Omit every picture while repeating the entries exactly.

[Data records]
────
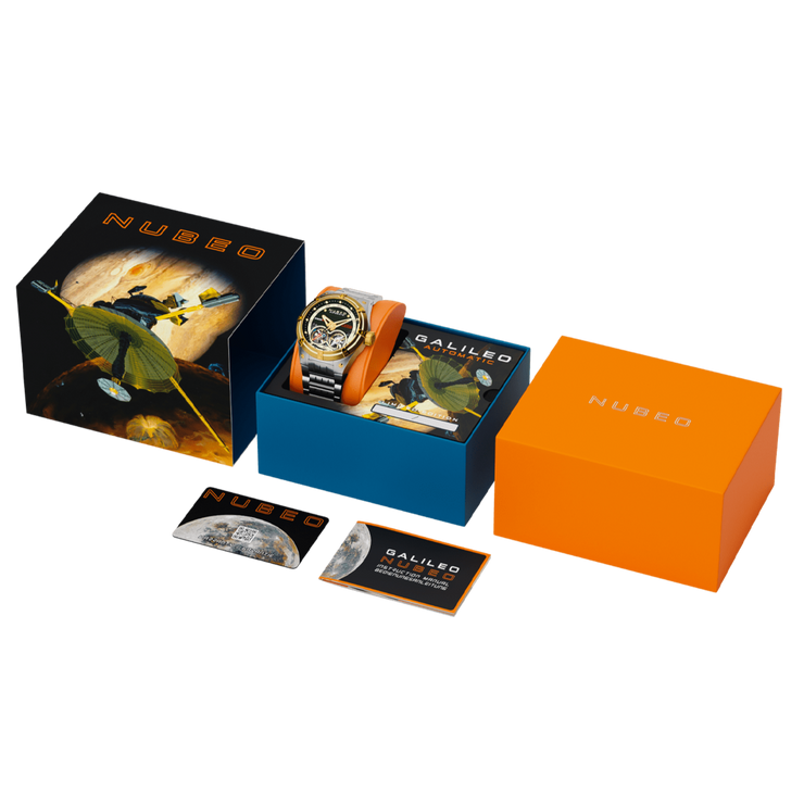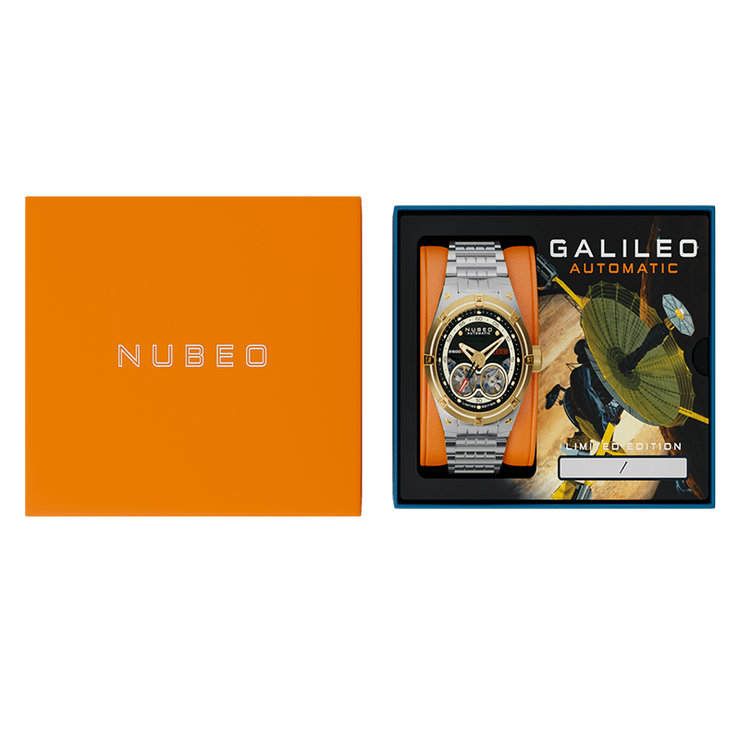 Named after the ground-breaking Galileo spacecraft, Galileo was the first spacecraft to orbit an outer planet and deploy an entry probe into an outer planet's atmosphere. This remarkable timepiece captures all elements of modern-day space-inspired design for a captivating, limited edition timepiece.
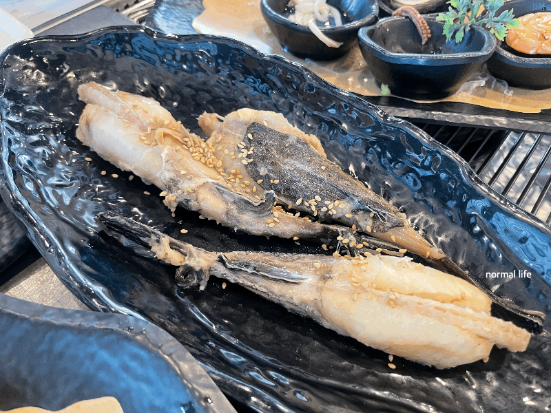 청포묵무침, 고구마맛탕, 간장게장, 미역국, 콘옥수수, 간자미회무침, 계란찜, 궁채나물, 새우초밥이 스끼다시로 제공된다.
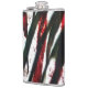 Foto av abstrakt, med brett, slumpmässigt rand, sammanflätat i, Fet färg av, svart, röd, mörk-grönt, oliv- och vitliknande, bambu-stjälkar.
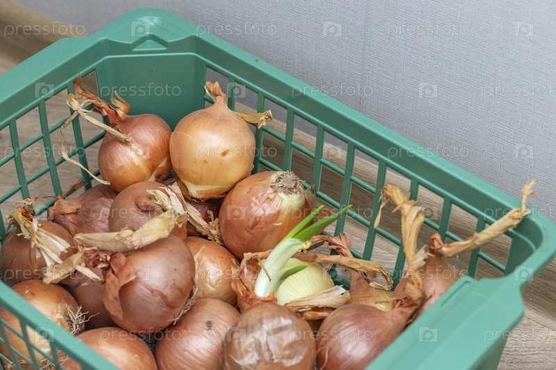 Коричневый лук в пластиковой стойке
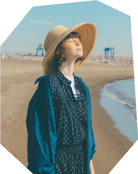 パリジェンヌのバカンスの定番、つば広ハット&ワンピースをFUDGE流に味付け。トレンドのシアーなシャツワンピースには、ノースリーブワンピースを重ねて鮮度をさらにUP。全身をネイビーのワントーンでまとめつつ、足元は白のスニーカーで抜け感を出すとバランスよく仕上がります。
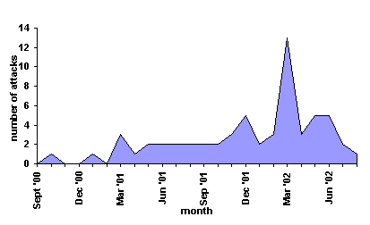 Timeline: Victims Killed by Suicide Bombers from September 30, 2000 - August 31, 20021
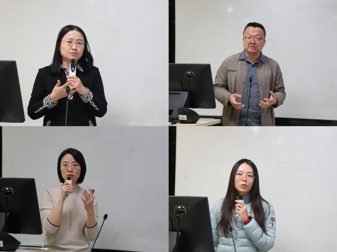 教师代表进行专题发言。杨鲁新以“数字赋能的英语叙事文写作教学实践”为题向在座老师系统展示了如何运用企业微信、iWrite系统开展叙事文教学工作,从而充分激发学生能动性和同伴交流,促进个性化学习,推动精准化教学,减轻教师工作量,取得人机协同教学1+1>2的成效。陈崛斌以“理解与思辨:在跨文化思辨中讲好中国故事:《大学思辨英语精读4:哲学与文明》《理解当代中国读写教程》融合教学设计”为题介绍了课程融合设计的思路和方法、展现融合教学成果、并提出下一步改进和落实方案,陈老师的分享为理解当代中国课程建设提供了有益借鉴。周杜娟以“珠联璧合、相得益彰:如何让公共演讲课和演讲队培训相辅相成共同助力高素质人才培养和教学质量提升”为题介绍了公共演讲课的创新特色以及演讲队人才培养机制,阐释如何充分发挥将二者有机结合产生的1+1>2的协同作用,从而实现培养出色演讲选手、提升演讲课教学质量、贯彻“理解当代中国”思想的目标。王颖冲以“理解当代中国,讲好中国故事:翻译教学与课程思政”为题阐释通过翻译实践课程来加强文化载体建设,提高学生用外语言说中国的能力,从“理解当代中国”到“讲好中国故事”。如何在“知己”和“知彼”中培养有“政治站位、工匠精神、外语功底、翻译能力、技术素养”的译者。
────
[Result of this task]
 Named after the ground-breaking Galileo spacecraft, Galileo was the first spacecraft to orbit an outer planet and deploy an entry probe into an outer planet's atmosphere. This remarkable timepiece captures all elements of modern-day space-inspired design for a captivating, limited edition timepiece.
 청포묵무침, 고구마맛탕, 간장게장, 미역국, 콘옥수수, 간자미회무침, 계란찜, 궁채나물, 새우초밥이 스끼다시로 제공된다.
 Foto av abstrakt, med brett, slumpmässigt rand, sammanflätat i, Fet färg av, svart, röd, mörk-grönt, oliv- och vitliknande, bambu-stjälkar.
 Коричневый лук в пластиковой стойке
 パリジェンヌのバカンスの定番、つば広ハット&ワンピースをFUDGE流に味付け。トレンドのシアーなシャツワンピースには、ノースリーブワンピースを重ねて鮮度をさらにUP。全身をネイビーのワントーンでまとめつつ、足元は白のスニーカーで抜け感を出すとバランスよく仕上がります。
 Timeline: Victims Killed by Suicide Bombers from September 30, 2000 - August 31, 20021
 教师代表进行专题发言。杨鲁新以“数字赋能的英语叙事文写作教学实践”为题向在座老师系统展示了如何运用企业微信、iWrite系统开展叙事文教学工作,从而充分激发学生能动性和同伴交流,促进个性化学习,推动精准化教学,减轻教师工作量,取得人机协同教学1+1>2的成效。陈崛斌以“理解与思辨:在跨文化思辨中讲好中国故事:《大学思辨英语精读4:哲学与文明》《理解当代中国读写教程》融合教学设计”为题介绍了课程融合设计的思路和方法、展现融合教学成果、并提出下一步改进和落实方案,陈老师的分享为理解当代中国课程建设提供了有益借鉴。周杜娟以“珠联璧合、相得益彰:如何让公共演讲课和演讲队培训相辅相成共同助力高素质人才培养和教学质量提升”为题介绍了公共演讲课的创新特色以及演讲队人才培养机制,阐释如何充分发挥将二者有机结合产生的1+1>2的协同作用,从而实现培养出色演讲选手、提升演讲课教学质量、贯彻“理解当代中国”思想的目标。王颖冲以“理解当代中国,讲好中国故事:翻译教学与课程思政”为题阐释通过翻译实践课程来加强文化载体建设,提高学生用外语言说中国的能力,从“理解当代中国”到“讲好中国故事”。如何在“知己”和“知彼”中培养有“政治站位、工匠精神、外语功底、翻译能力、技术素养”的译者。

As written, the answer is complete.